Arts & Entertainment
Alt-Weekly Chicago Reader Acquired By Seattle-Based Media Company, Months After Being on Brink of Closure
(Courtesy of The Chicago Reader)
The Chicago Reader is being acquired by the Seattle-based new media company Noisy Creek, the local alternative weekly publication announced Tuesday.
Noisy Creek also owns the alt-weekly publications the Stranger, in Seattle, and the Portland Mercury. The company was founded by Brady Walkinshaw, the former CEO of the nonprofit climate news organization Grist and a former Democratic state legislator in Washington.
Walkinshaw declined to disclose the financial details of the acquisition, but said the deal is closing this week.
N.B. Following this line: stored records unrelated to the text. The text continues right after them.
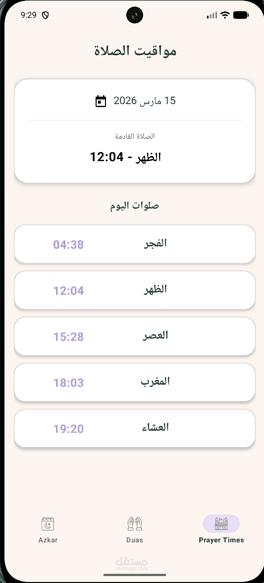 مواقيت الصلاة دقيقة ومحدثة باستمرار: من الفجر حتى العشاء، مع تحديث تلقائي حسب موقعك الجغرافي لضمان الالتزام بأوقات الصلاة الصحيحة.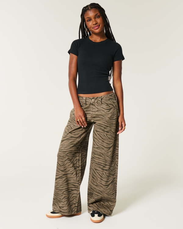 Low-Rise Zebra Pattern Super Baggy Jeans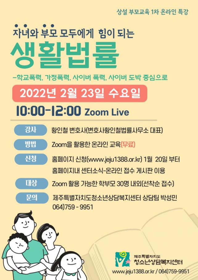À̹ø »ó¹Ý±â ºÎ¸ð ´ë»ó ¿Â¶óÀΠƯ°Àº 2¿ù 23ÀÏ È²ÀÎö º¯È£»çÀÇ ¡°ºÎ¸ð¿Í ÀÚ³à ¸ðµÎ¿¡°Ô ÈûÀÌ µÇ´Â »ýȰ¹ý·ü¡±À» ½ÃÀÛÀ¸·Î 3¿ù¿¡´Â ¾ö¸¶ ¹Ý¼º¹® ÀúÀÚ ÀÌÀ¯³² ±³ÀåÀÇ ¡°(°¡Á¦)ºÎ¸ð´ÔÀÌ ²À! ¾Ë¾ÆµÎ¸é ÁÁÀº ÀÚ³à ¾çÀ°¹ý¡±, 4¿ù¿¡´Â ¾ÆÇϼ¿ï½Ã¸³¼º¹®È¼¾ÅÍÀÇ ¡°´çȲÇÏÁö ¾Ê°í ÀÚ³à¿Í ´ëÈÇÏ´Â ÀÚ³à ¼º±³À°¡±, 5¿ù¿¡´Â Á¤ÇöÁÖ ±ÝÀ¶±³À° Àü¹®°¡ÀÇ ¡°º¯ÈÇÏ´Â ½Ã´ëÀÇ ¶È ºÎ·¯Áö´Â ÀÚ³à °æÁ¦±³À°¡±À» ÁÖÁ¦·Î ÀÌ·ç¾îÁø´Ù.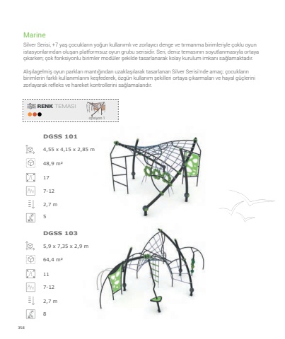 358RENK TEMASISilver Serisi, +7 ya%u015f %u00e7ocuklar%u0131n yo%u011fun kullan%u0131ml%u0131 ve zorlay%u0131c%u0131 denge ve t%u0131rmanma birimleriyle %u00e7oklu oyun istasyonlar%u0131ndan olu%u015fan platformsuz oyun grubu serisidir. Seri, deniz temas%u0131n%u0131n soyutlanmas%u0131yla ortaya %u00e7%u0131karken; %u00e7ok fonksiyonlu birimler mod%u00fcler %u015fekilde tasarlanarak kolay kurulum imkan%u0131 sa%u011flamaktad%u0131r. Al%u0131%u015f%u0131lagelmi%u015f oyun parklar%u0131 mant%u0131%u011f%u0131ndan uzakla%u015f%u0131larak tasarlanan Silver Serisi%u2019nde ama%u00e7; %u00e7ocuklar%u0131n birimlerin farkl%u0131 kullan%u0131mlar%u0131n%u0131 ke%u015ffederek, %u00f6zg%u00fcn kullan%u0131m %u015fekilleri ortaya %u00e7%u0131karmalar%u0131 ve hayal g%u00fc%u00e7lerini zorlayarak refleks ve hareket kontrollerini sa%u011flamalar%u0131d%u0131r.Marine4,55 x 4,15 x 2,85 m5,9 x 7,35 x 2,9 m48,9 m%u00b264,4 m%u00b217117-127-122,7 m52,7 m8 DGSS 101DGSS 103opsiyon 1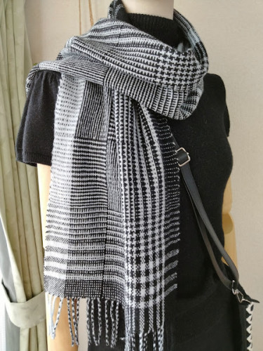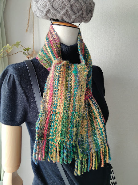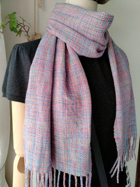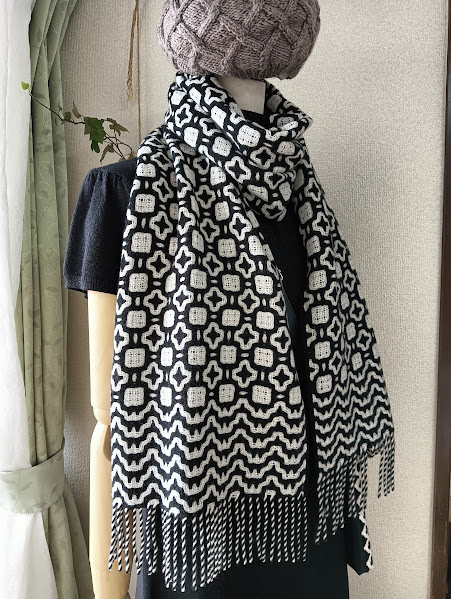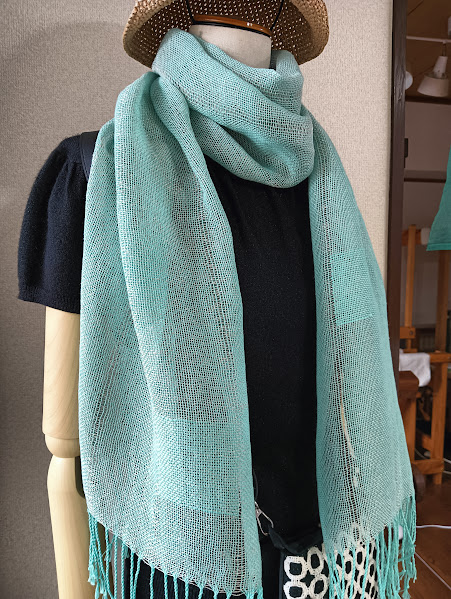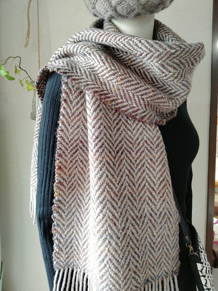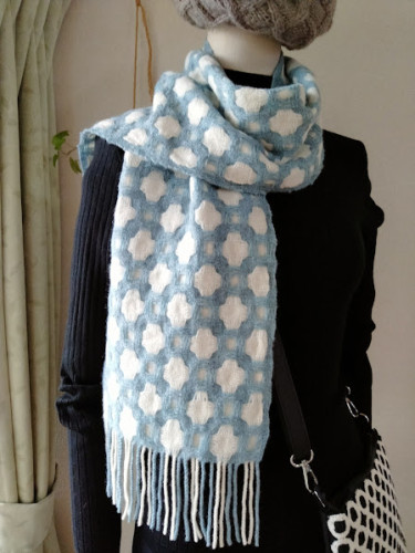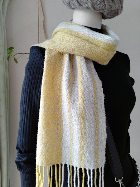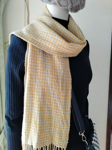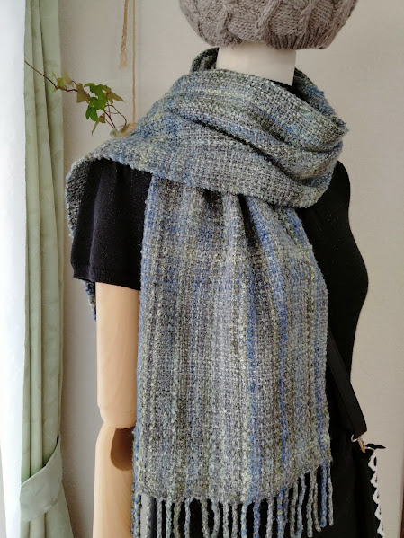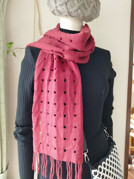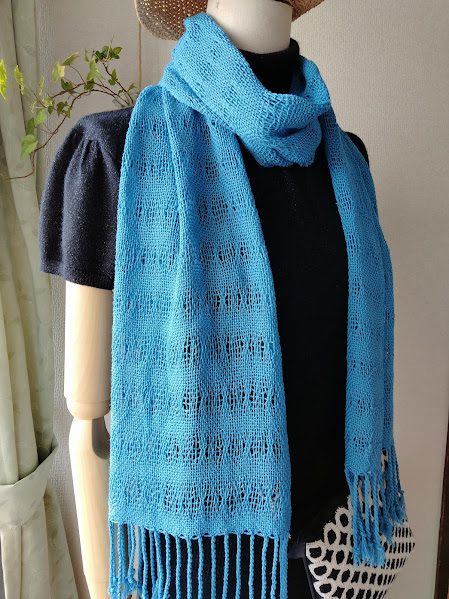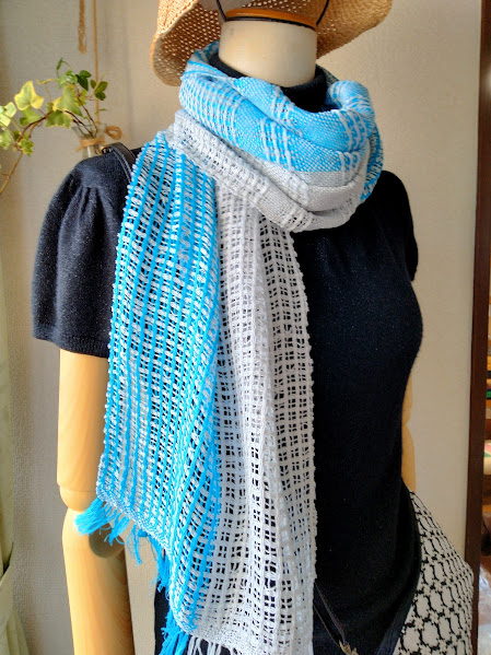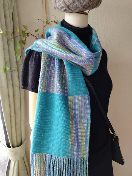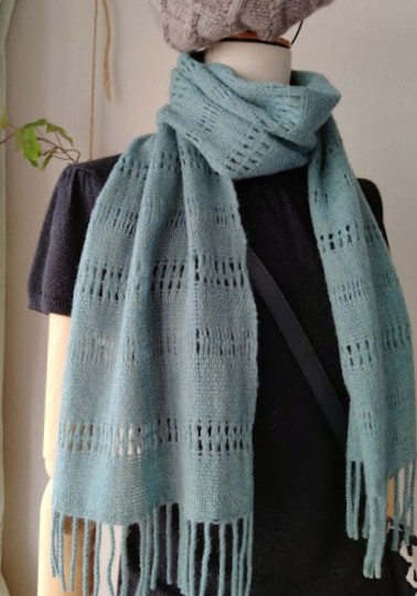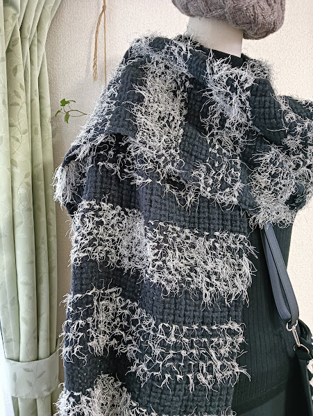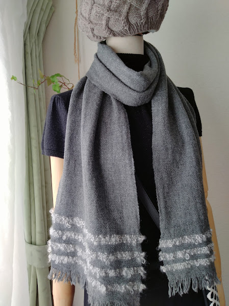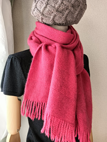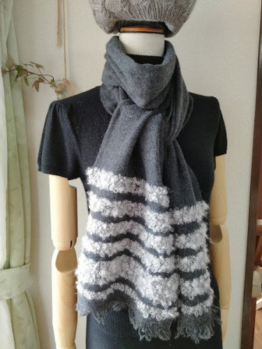 薄くて広幅のストールは、着回しが効いて、季節も長く対応できます。
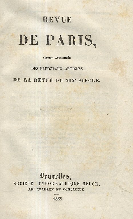 Revue de Paris, édition augmentée des principaux articles de la Revue du XIX siècle.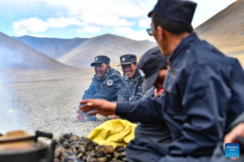 Miembros del equipo de defensa fronteriza preparan el almuerzo en el municipio de Changgo de la ciudad de Xigaze, región autónoma del Tíbet en el suroeste de China, el 2 de junio de 2023. El municipio de Changgo, con una elevación promedio de más de 5.000 metros, es un municipio fronterizo adyacente a Nepal con una frontera de 105 kilómetros.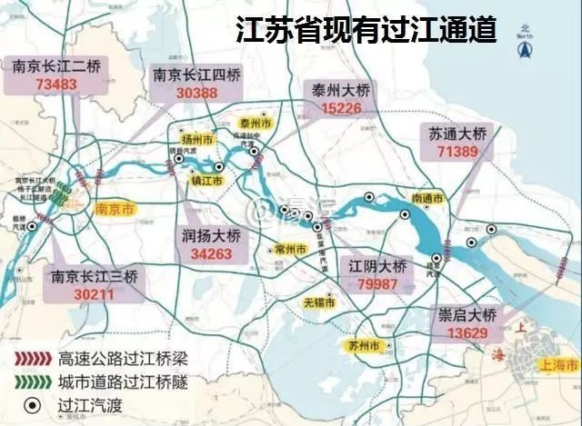 从江苏省现有的过江通道和未来的过江通道中,不难看出。大部分过江通道,集中在南京周围,对解决过江拥挤问题仍有不足。

Noisy Creek was approached by the Reader about two to three months ago, said Walkinshaw, who described the Reader as the “grande dame” of alternative weeklies in the U.S.
“The relationship of audiences to alt weeklies are fundamentally different than how audiences relate to their daily paper, to public radio, to other media outlets,” Walkinshaw said. “It’s a more personal connection, and it’s a connection that I think society wants more of right now, and that local communities are hungry for.”
The Reader announced it would be introducing Noisy Creek’s event discovery platform, EverOut, as well as the entertainment ticketing service Bold Type Tickets to Chicago as a way to help diversify revenue sources, with goals to launch those services early next year.
Noisy Creek describes its business model as a blend of advertising, print subscriptions, ticketing live events and philanthropy to fund and sustain journalism, according to a news release. Walkinshaw said it follows a “hybrid” nonprofit model by getting support from its Fund for Alternative Journalism, alongside the for-profit Noisy Creek.
The Chicago Reader union will continue to be recognized, according to Walkinshaw.
The Reader currently has 17 unionized staff and its non-union staff stands at 12, according to a union representative. The publication had 491 freelancers who contributed over 1,500 articles last year, according to Chicago Reader Chief of Staff Ellen Kaulig.
The Chicago Reader Union said in a statement it is looking forward to working with Noisy Creek and is “hopeful” that Noisy Creek’s acquisition will “allow the Reader to thrive.” But the union said its future “remains uncertain,” with three voluntary buyouts in recent weeks.
“As of today, Noisy Creek intends to lay off additional members of our unit,” the statement reads. “At a time when news outlets in Chicago and around the country are downsizing, these departures would reduce the size of the Reader’s editorial department by more than 25 percent in all.”
In response, Walkinshaw said via email that the buyouts came before Noisy Creek’s arrival.
“We’re just kicking off discussions with the Union on the current staffing model,“ Walkinshaw said in an email. “Just like our other publications, we very much anticipate growth just as we’ve done in Seattle and Portland over the past year.”
The ownership change comes after the Reader announced layoffs earlier this year and was at the brink of closure due to what leaders described as “a combination of financial losses, operational challenges, and external pressures.” The publication’s former CEO and publisher Solomon Lieberman also stepped down at that time.
The Reader joining Noisy Creek will give the publication’s editorial team more resources to expand on their work, according to Kaulig.
“Over the past eight months, we’ve really had to go down to a minimum viable product because we’ve really been in sustainability mode — just survive,” Kaulig said. “What this allows us to do is to go into a thrive mode, so this actually will allow us to get back to deepening that impact.”
As part of the transition under new ownership, Noisy Creek is also launching a national search for an editor-in-chief to lead the Reader’s editorial team, according to a news release.
The Reader has been a cornerstone of Chicago’s cultural and political landscape since it was founded in 1971. The Reader distributes its work as free digital and weekly print publication, with a focus on arts coverage, feature reporting and long-form journalism. The Reader will continue to be offered for free, according to Walkinshaw.
When asked whether the Reader would continue its weekly print publication, Walkinshaw said, “We’ll very much continue in print. I think we’re figuring out the right cadence of publishing, but print publications are absolutely core to our strategy, and we’re very excited to be in print.”